Thinking Day Candle Ceremony

One of the things I remember doing as a Brownie, but less so as a Guide was celebrating Thinking Day. I shared recently how I was shocked at how many of my Guides and Senior Section had never heard of it and didn’t know what it was, despite having been members of Girlguiding for many years.

This year Thinking Day fell during term time (so often it has been during the half-term holiday) and we were able to do something significant to celebrate. As the Guides have been navigating their G-Files and asking questions, I’ve been telling them more about the history of Guides and the things I did as a Guide. Four new Guides were due to make their promise, as well as our two new Young Leaders so we wanted to do something to make the night special.

I had looked up Thinking Day Candle Ceremonies, and found this one. But for me it didn’t quite sit right. I found some great stuff produced by Girl Scouts in Canada and USA too, and in the end decided to use some of the ideas from each of them and create a “new” candle ceremony.

I managed to get four pillar candles (White, Blue, Red and a yellow-y one – apparently no one sells Gold candles when it’s not Christmas time, so I’m going to nab a gold candle for next Thinking Day next winter!!) and three candles of different colours (scented) that were on sale in my local supermarket.
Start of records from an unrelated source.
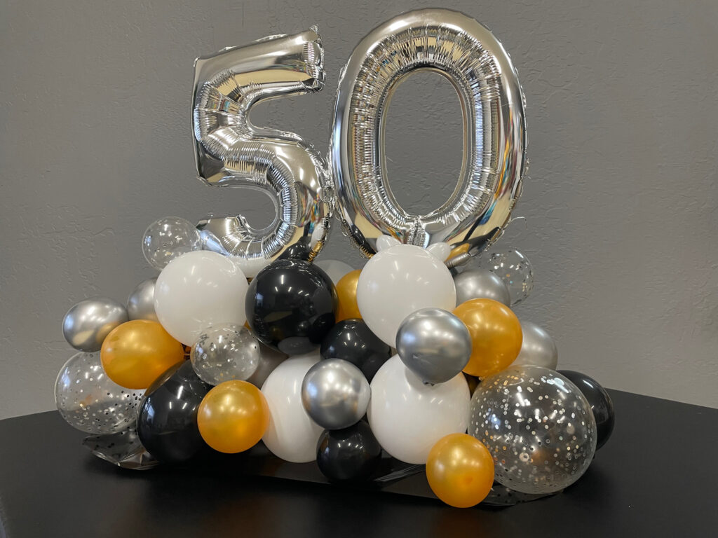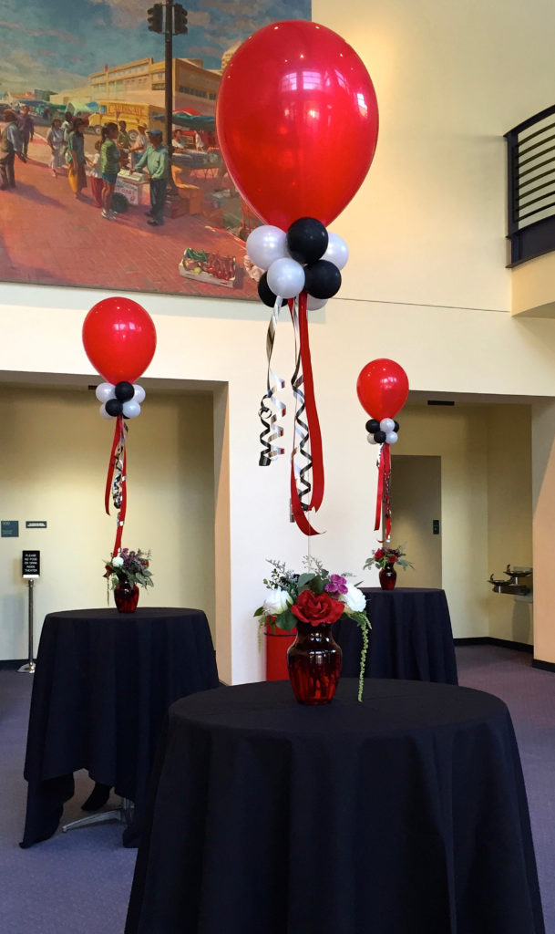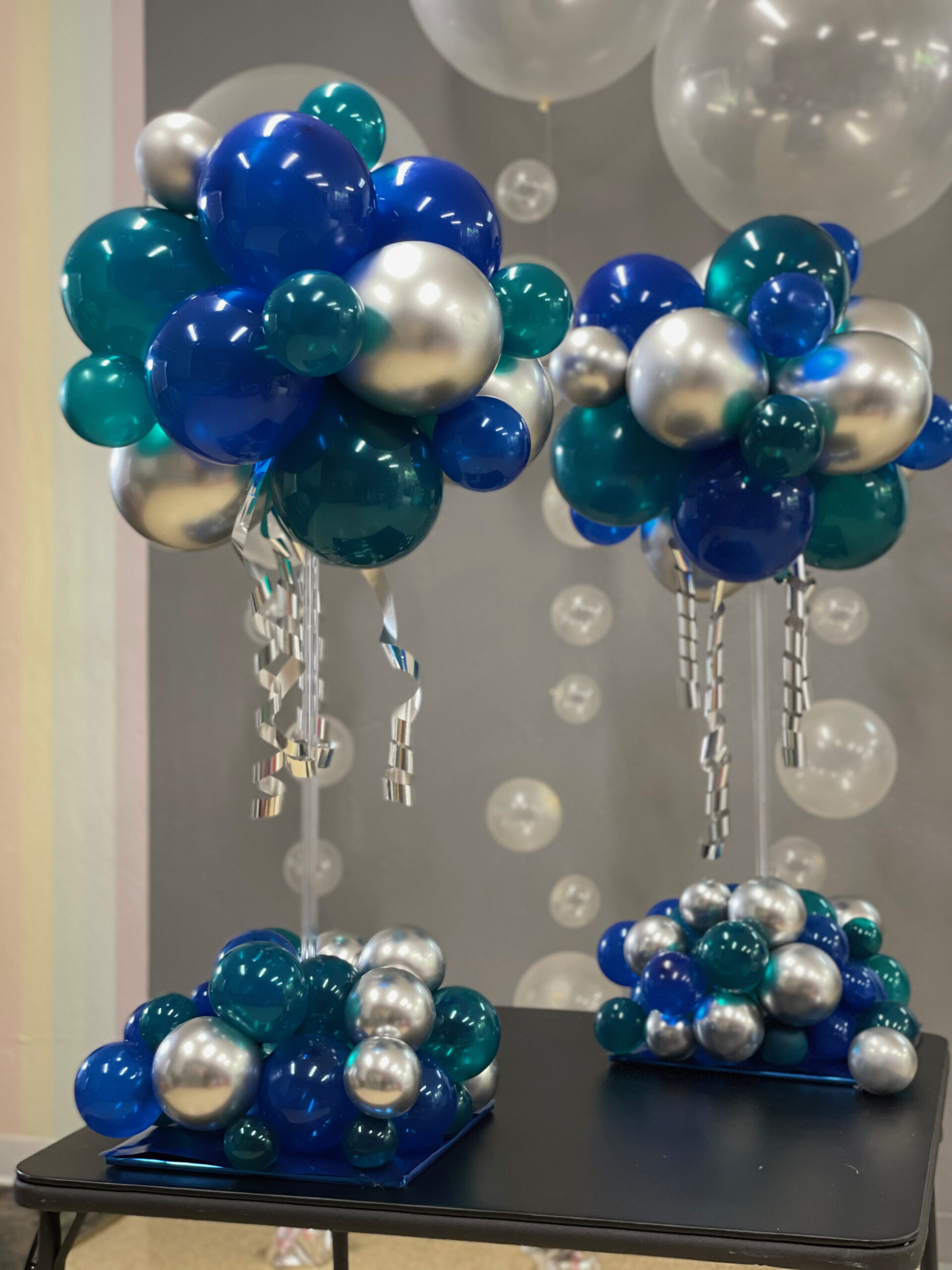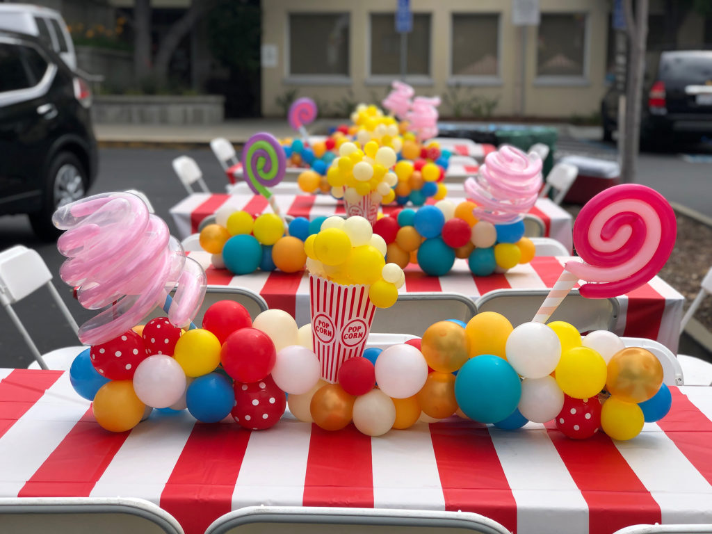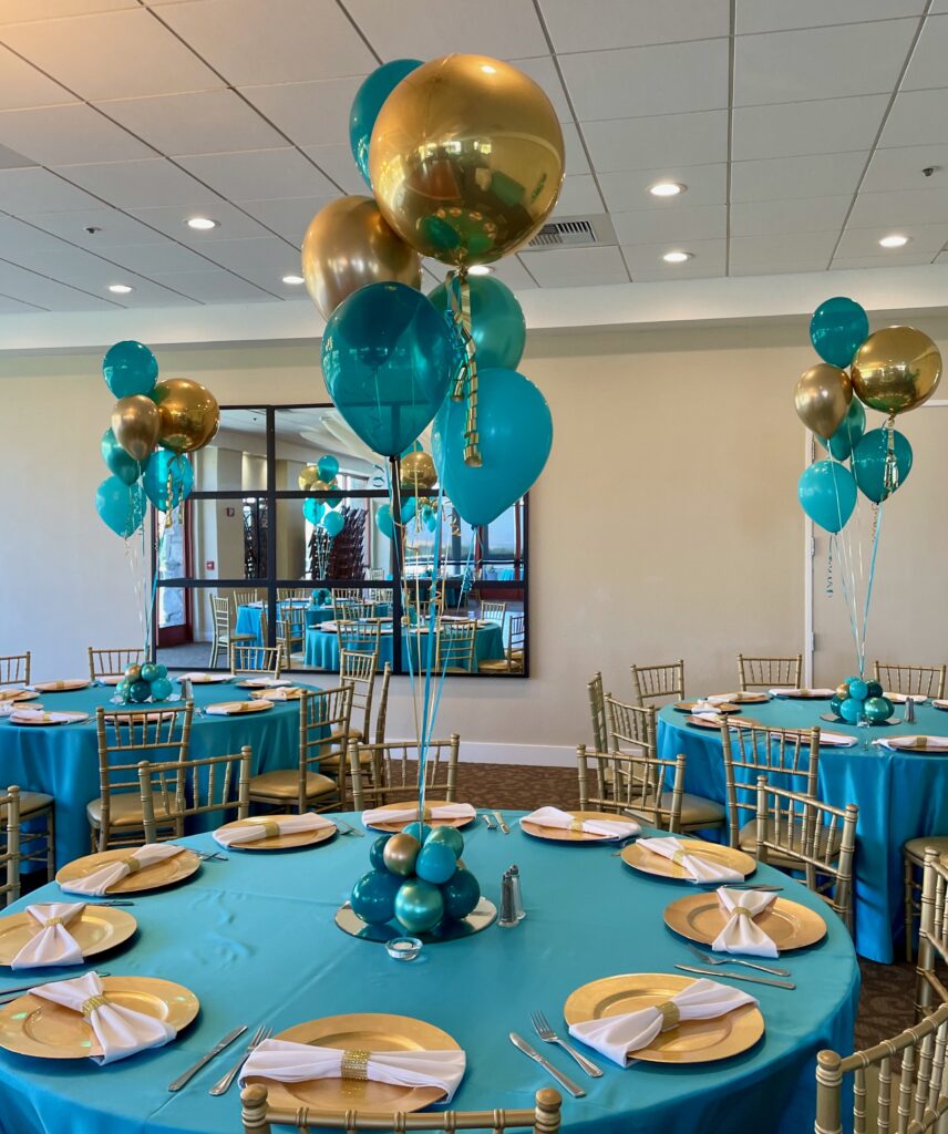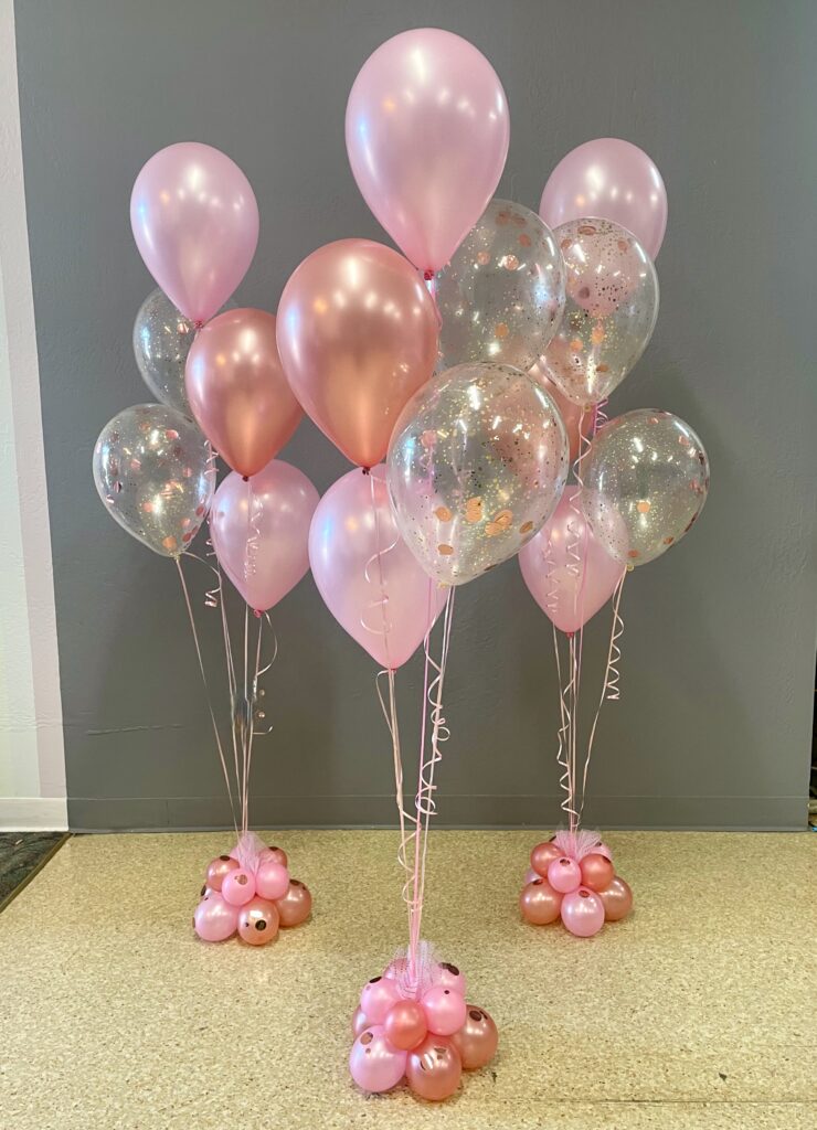 Centerpieces From simple to elaborate, our centerpieces are custom made especially for your event. 3 Balloon $15 ea 5 Balloon + mini puffball base $45 ea 5 Balloon Confetti with mini puffball base $60 ea 24″ Rounds $40 ea 3′ Bubble $75 30″ Confetti, Fringe & LED’s $100 ea Gold Orb + 5 Balloon $45 ea Jumbo 16″ with Double Collar $25 ea Gold Orb + 5 Balloon with mini puffball base $65 ea Organic Topiary Centerpiece $100 ea Pink Topiary Puffballs $115 ea Puffball with Curly Q’s $70 ea Smiley Mini Puffball $25 ea Table Top Animal Sculptures $50 ea Carnival Table Runner $135 ea Table Top 16 Display $150 Table Top 90 Display + Cupcake $150 Table Top 50 Display $125
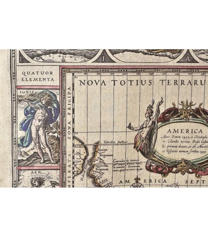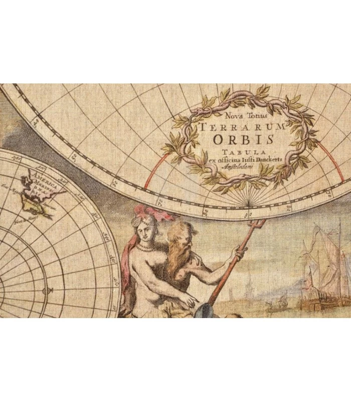 Set de 2 cartes du monde anciennes sur toile en lin à suspendre avec baguettes bois.
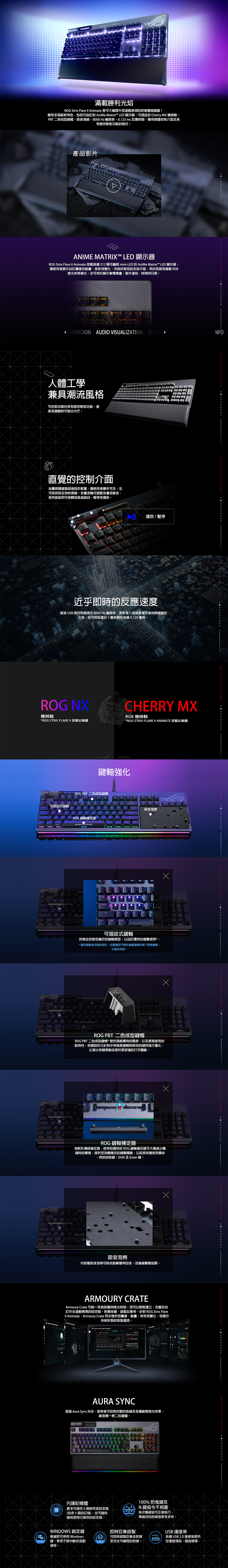 華碩 Flare II Animate PBT 機械電競鍵盤/有線/PBT/紅軸/可換軸/中文/櫻桃/Rgb
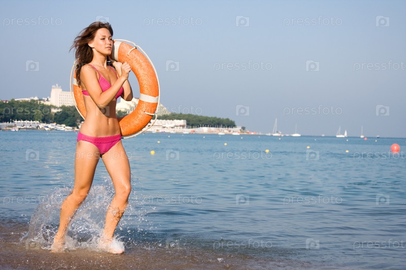 Красивая девушка со спасательным кругом бежит по пляжу
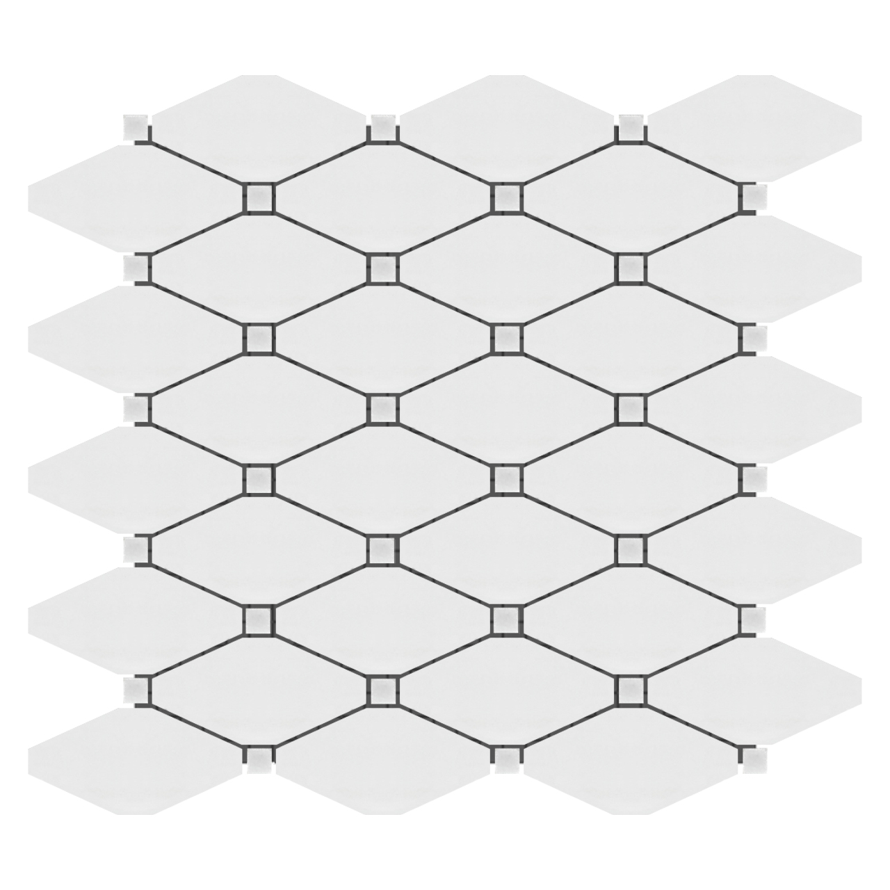 Bianco Dolomite Marble Long Octagon Rhomboid Mosaic Tile Honed
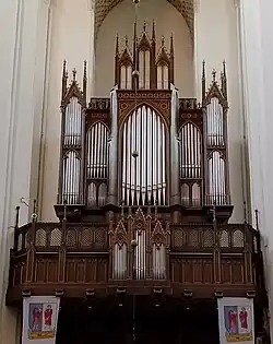 Romantyczne[1][2] organy główne znajdują się na drewnianym chórze muzycznym umiejscowionym nad głównym wejściem w zachodniej części kościoła, między arkadą podwieżową a pierwszą parą filarów nawy głównej[3][4][5]. Zasilane są miechem położonym za instrumentem, we wnęce arkady podwieżowej[3]. Instrument ma 32 głosy stałe, tworzące razem 40 registrów rozdysponowanych między czterema klawiaturami[6]. Piszczałki ustawione są na wiatrownicach pneumatyczno-stożkowych[1][2][4], które połączone są ze stołem gry trakturą pneumatyczną[1][4]. Stół gry wyposażony jest w trzy manuały oraz pedał[1][2]; znajduje się w przedniej części chóru, w pobliżu balustrady[1][4].
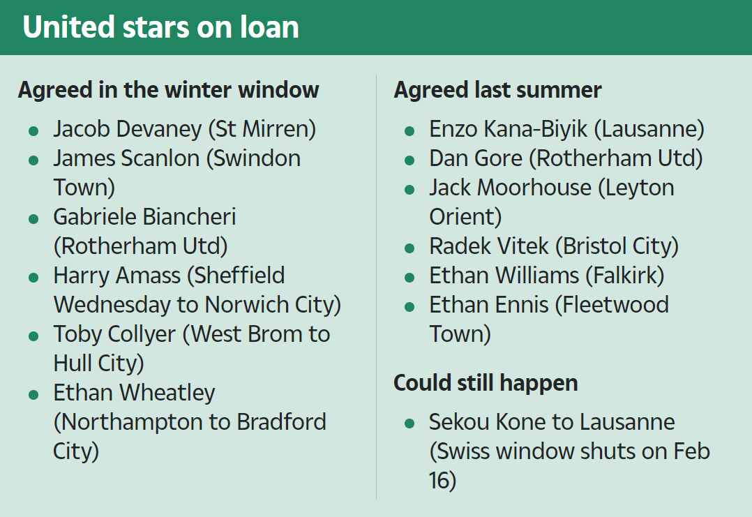 这让曼联冬窗外借球员的人数提升到了6人,本赛季俱乐部两个转会窗总共租借球员到其他球队锻炼的人数共计12人,化身为出租狂魔!

They weren’t quite the colours I was hoping for, but C’est la vie!

Our amazing unit leader spent the weekend making candle holders from cereal boxes so that each Guide (and parents and sisters who came along to join us who wanted to join in) could hold a candle.

I asked our five oldest Guides and our two young leaders if they would light the big candles that we had on a table at the opening of our horseshoe, then from the friendship candle I lit my candle and then with my candle lit the other two leaders next to me and then around the horseshoe each person shared their ‘guiding light’ with the Guide next to them.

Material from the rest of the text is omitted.